Entropy in Invariant Subspace
報告人: Dr. Youning Li,Tsinghua University
邀請人: 李穎 研究員
報告時間: 2018年9月26日(星期三), 10:00~11:00
報告地點: 中物院研究生院軟體園校區3層C305,海澱區西北旺東路10號院東區9號樓
摘要: Invariant tensors are states in the SU(2) tensor product representation that are invariant under the SU(2) action. They play an important role in the study of loop quantum gravity, particularly the structure of Spin-Networks, which represents the quantization of geometry. Perfect tensors are highly entangled many-body quantum states with local density matrices maximally mixed. Perfect tensors have been employed to construct the Tensor Network as a Conformal Field Theory (CFT) ground state, which realizes the AdS/CFT correspondence. In terms of quantum error-correcting codes, a perfect tensor is a code with large code distance that is half of the system size. A constant weight subspace is natural immunity to the corresponding collective decoherence error. Therefore, an invariant subspace, in which the weight of all states is 0, is natural immunity to different kinds of collective decoherence error.

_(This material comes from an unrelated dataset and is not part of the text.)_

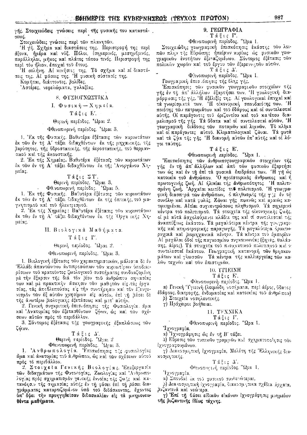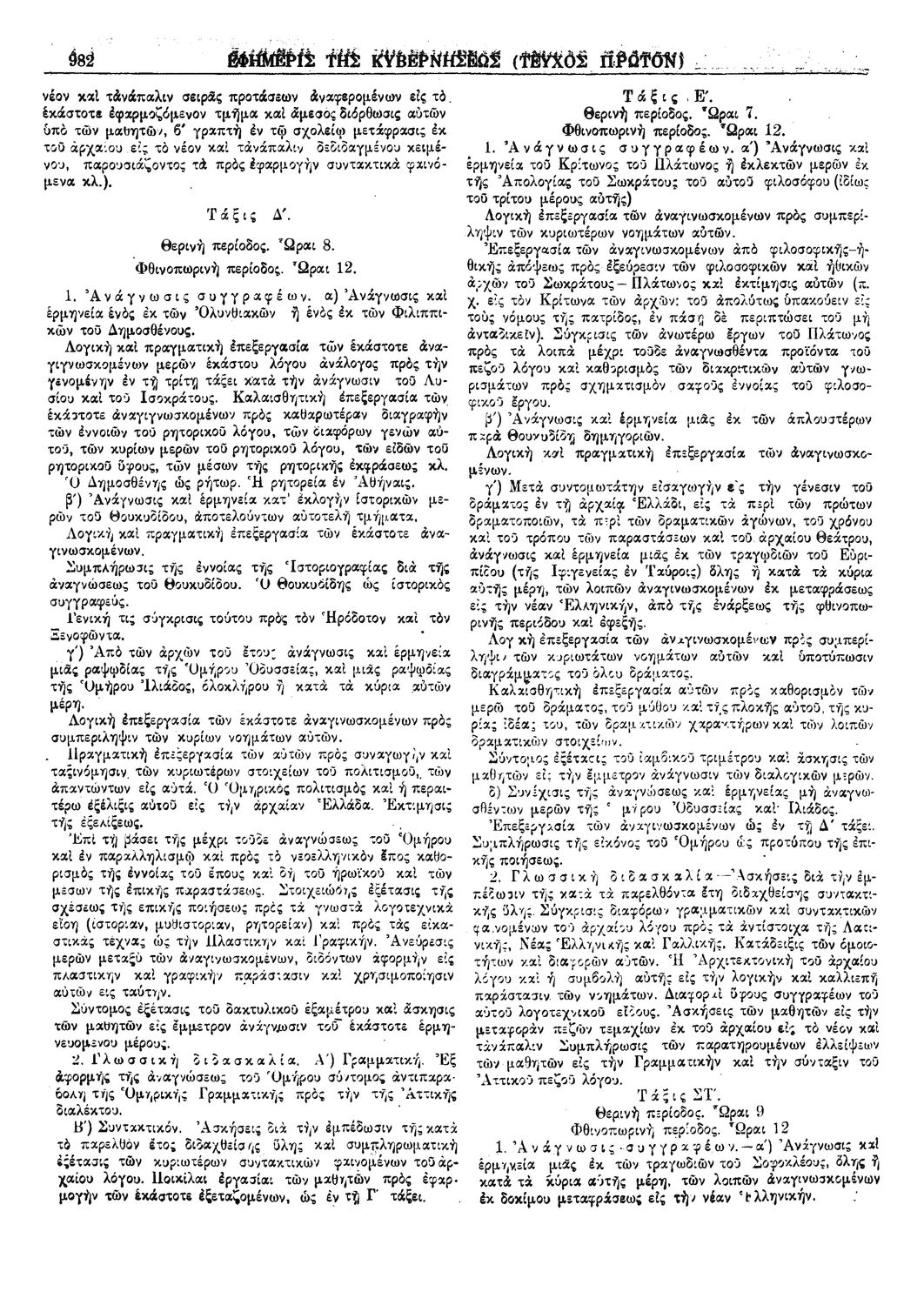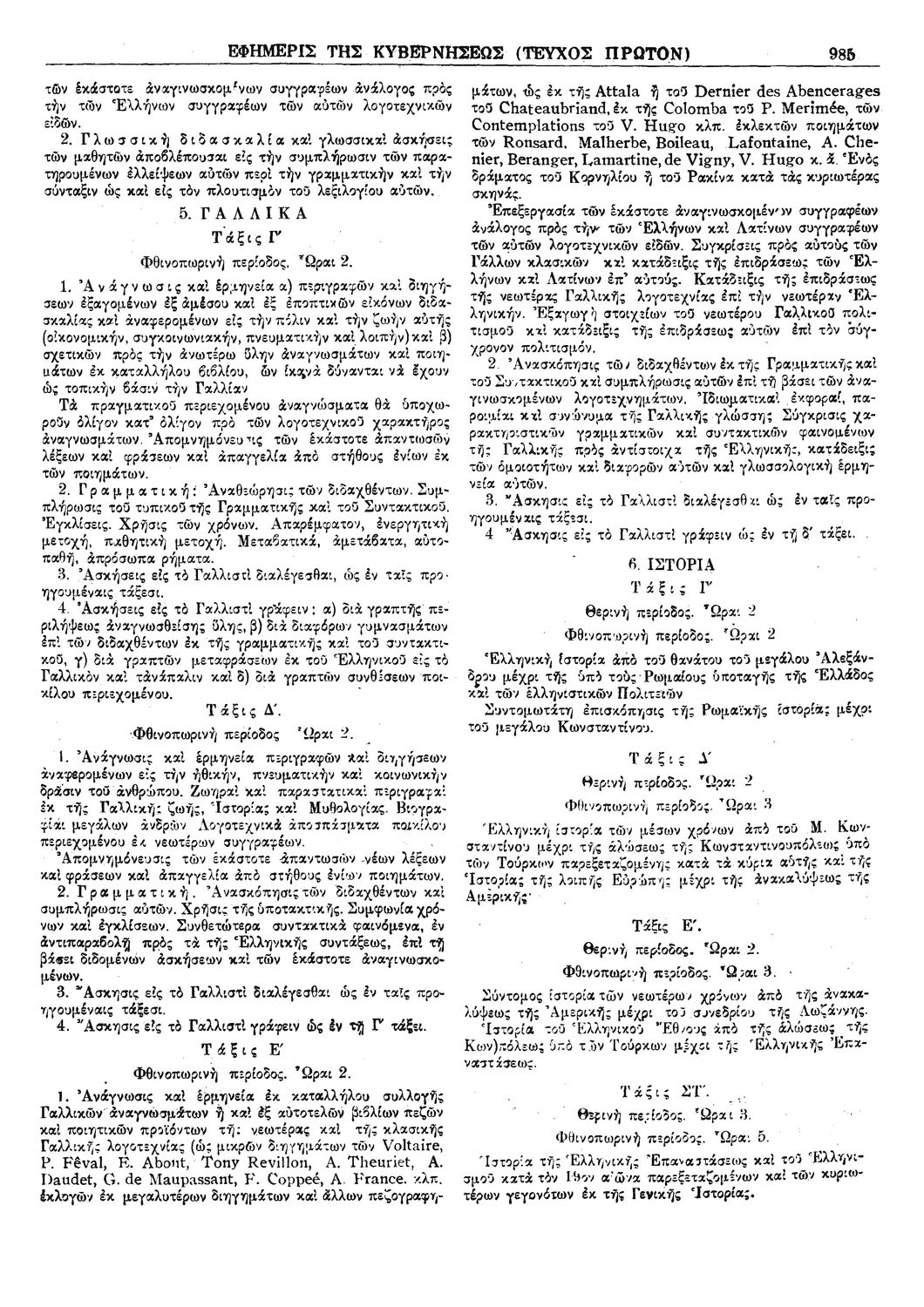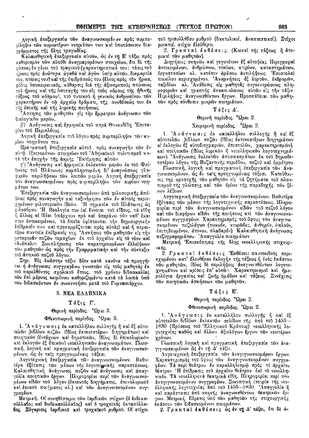 Δ. Περί του Αναλυτικού και του Ωρολογίου Προγράμματος των εξαταξίων Γυμνασίων παλαιού τύπου κατά το σχολκόν έτος 1940-1941

In this talk, we are going to show that, the combinatorial properties of the constant weight condition impose strong constraints on the reduced density matrices for any vector in the constant weight subspace, and hence limit the possibility of the entanglement structures. As a result, no perfect tensor exists in invariant subspace, but their entanglement entropy is very close to a perfect tensor. The average deficit in invariant subspace can be even smaller than 1/2, which is the average deficit for the whole Hilbert space.
報告人簡介: Youning Li received his bachelor degree from Tsinghua University in 2007. After that he earned his PhD Degree from Tsinghua University in 2013. Dr.Li’s research focuses on the Representation theory and its application in physics, Exact solvable quantum system and Entanglement in quantum information.
All interested are welcome!